The word hope strikes a chord deep in people’s hearts. We all thirst for it. The expectation of good is a universal need.
For people without a biblical worldview hope is tenuously tied to the frailty of the world and to promises that collapse under pressure. The recent years have certainly made that crystal clear.
However, people with a biblical worldview have another kind of hope. Their hope is tied to the promises of God. In fact, hope is produced by faith in God and his lavish promises. Furthermore, we read in 1Thessalonians 1:3 that such hope inspires endurance, something we all need on this long journey.
The first awakening of hope appears immediately after the fall of Adam and Eve. God makes his first grand promise: He will send someone to crush the head of Satan. What an extraordinary beginning to the journey of hope! The most devastating of all catastrophes is given a sure solution.
Christ has come and crushed the serpent’s head. He is our help in this life and the guarantee of the next life where there will be no Adversary and no adversity.
In a world of so much social chaos, moral debris, and complexities that have no solutions, people may lose hope, even become cynical about the idea of hope. But we must not lose sight of what God has promised lest our hope also begins to fade.
Christian hope transcends this world and does not depend on it.
When Paul the apostle was released from a brutal Roman prison, he wrote to Timothy and his first words were about Christ Jesus, our hope. (1 Timothy 1:1) That is significant.
If a man ever knew troubles, it was Paul. If a man ever journeyed in hope, it was Paul. Through many trials and imprisonment, hope in Christ kept him clear minded and able to remain on mission.
Paul’s hope was shot through with God’s promises. Nothing deterred him—no social or religious chaos, no injustice, no suffering, no beating, no cultural stronghold, no political opposition. His hope was tied to God who is able to do immeasurably more than we can ask or think.
We all need a similar hope, one that is soaked through with the Word of God. In this challenging world, it is vitally important that we take time to listen to the voice of God in the sacred pages, and receive the infallible, inspired Word deep into our hearts.
Christian hope is not a nervous agitation filled with speculations. Our hope is bright and true in a world of fading hopes, firmly tied to the promises that God himself has made to the people that he created. These promises are entirely fulfilled in the person of Jesus Christ resurrected. No other hope is established on such a sure foundation.
A worldview with Christ the hope at the centre opens our eyes to a long view of things, like the eagle soaring up into the sky, able to see the grand scope of the landscape. That’s what a biblical worldview does—it allows us to see the bigger picture of the here and now while never losing sight of the glorious world to come.

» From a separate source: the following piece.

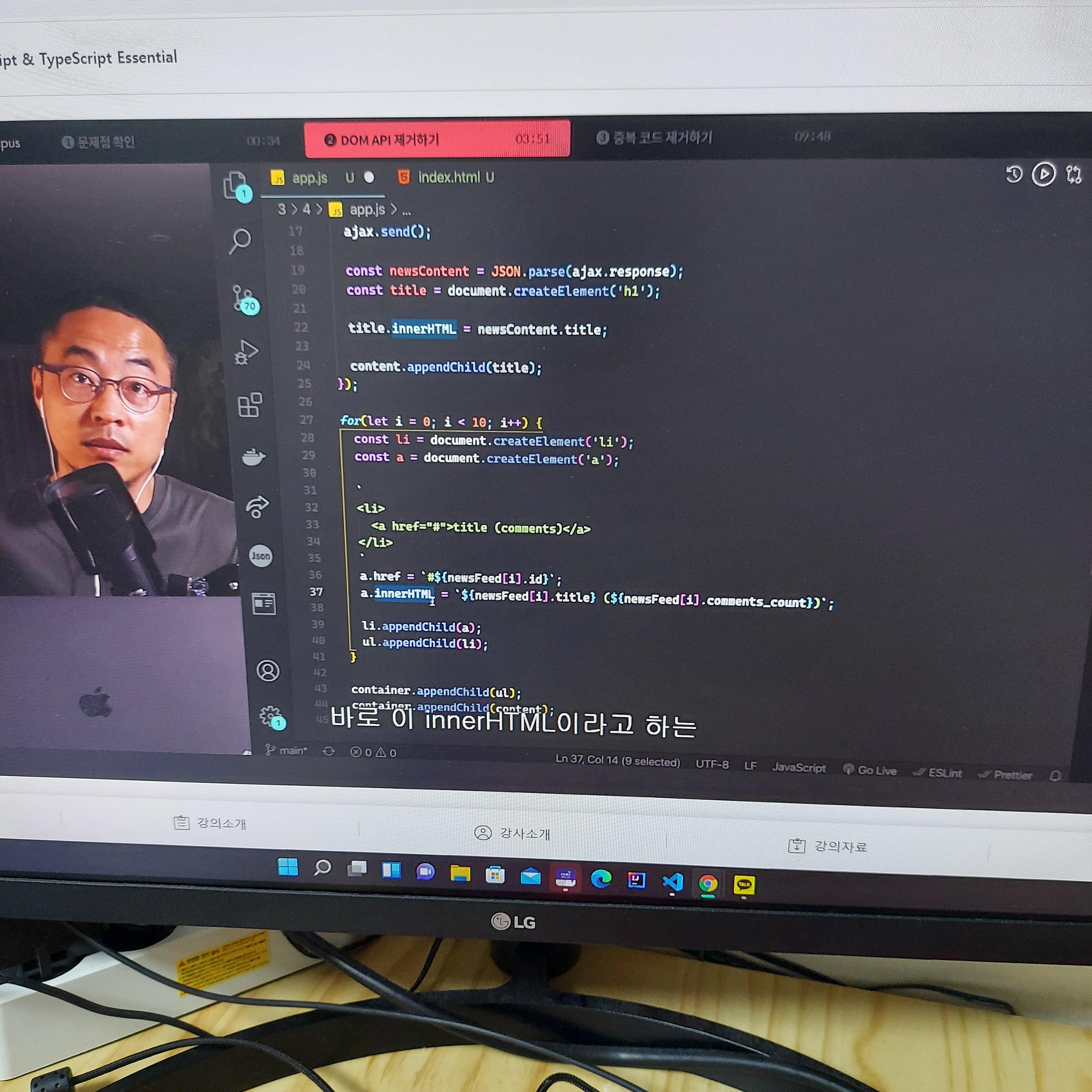 기존의 DOM API 구조를 innerHTML을 통한 문자열 형태로 바꿨다. 이렇게 코드를 변경함으로 HTML구조와 코드의 구조를 알아보기 쉬워지고 기능이 추가되거나 코드의 양이 많아진다 하더라도 복잡도가 늘어난 것이 아니기 때문에 수월하게 내용을 파악할 수 있다.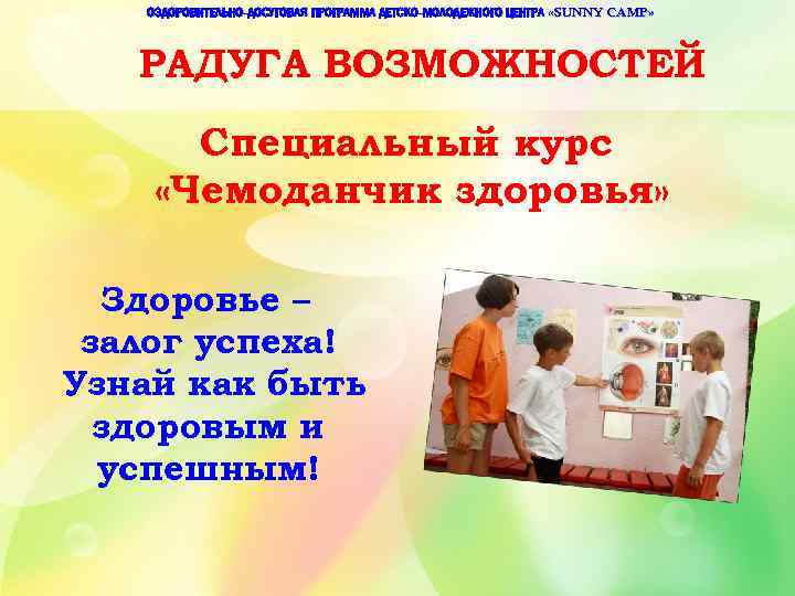 ОЗДОРОВИТЕЛЬНО-ДОСУГОВАЯ ПРОГРАММА ДЕТСКО-МОЛОДЕЖНОГО ЦЕНТРА «SUNNY CAMP» РАДУГА ВОЗМОЖНОСТЕЙ Специальный курс «Чемоданчик здоровья» Здоровье – залог успеха! Узнай как быть здоровым и успешным!

It frees us to live our day to day lives with calm assurance and to serve God’s mission with joy and hope.
What about hope for our personal and often painful circumstances? Dr. J. I. Packer, author of the book, Knowing God, said something that has been profoundly encouraging to me in the valleys of my own journey: “When we pray, we must believe that God will act”.
Christian prayer is not a nervous agitation filled with speculations any more than Christian hope would be. Rather it expresses confidence in God.
We all have big concerns to bring to the Lord in prayer — strained or broken relationships, breakdown in family units, illness, lost loved ones, the desperate need for clarity on matters we can’t seem to resolve…the list could go on and on. We need to bring all these to the Lord and not neglect prayer.
However, it may be helpful to remind ourselves that many answers to our petitions unfold over time because they require a deeper work of God in people’s hearts, our own included.
E. M. Bounds, who wrote on prayer in the late 19th century, points out that what appears as delayed answer to prayer may be God preparing everything in us and in others to receive the answer.
So many answers to prayer require a deep change in the heart and mind, and that can take time. Perhaps this is why the Bible associates prayer with perseverance, patience and persistence. But let’s not forget one of the brightest words connected to prayer in Scripture—PROMISE.
Even when we don’t see the specific outcome we prayed for, we must believe that God acts in answer to prayer, often in ways that we don’t immediately recognize. So, we place our needs before him and trust him to act for the best good. His is faithful and we can count on him.
We are transients in this transitory world. One day it will all pass away. But those whose faith is in Christ will be resurrected to a new life in a real place where there will be no more tears, no more suffering, no more wars. There is no greater hope.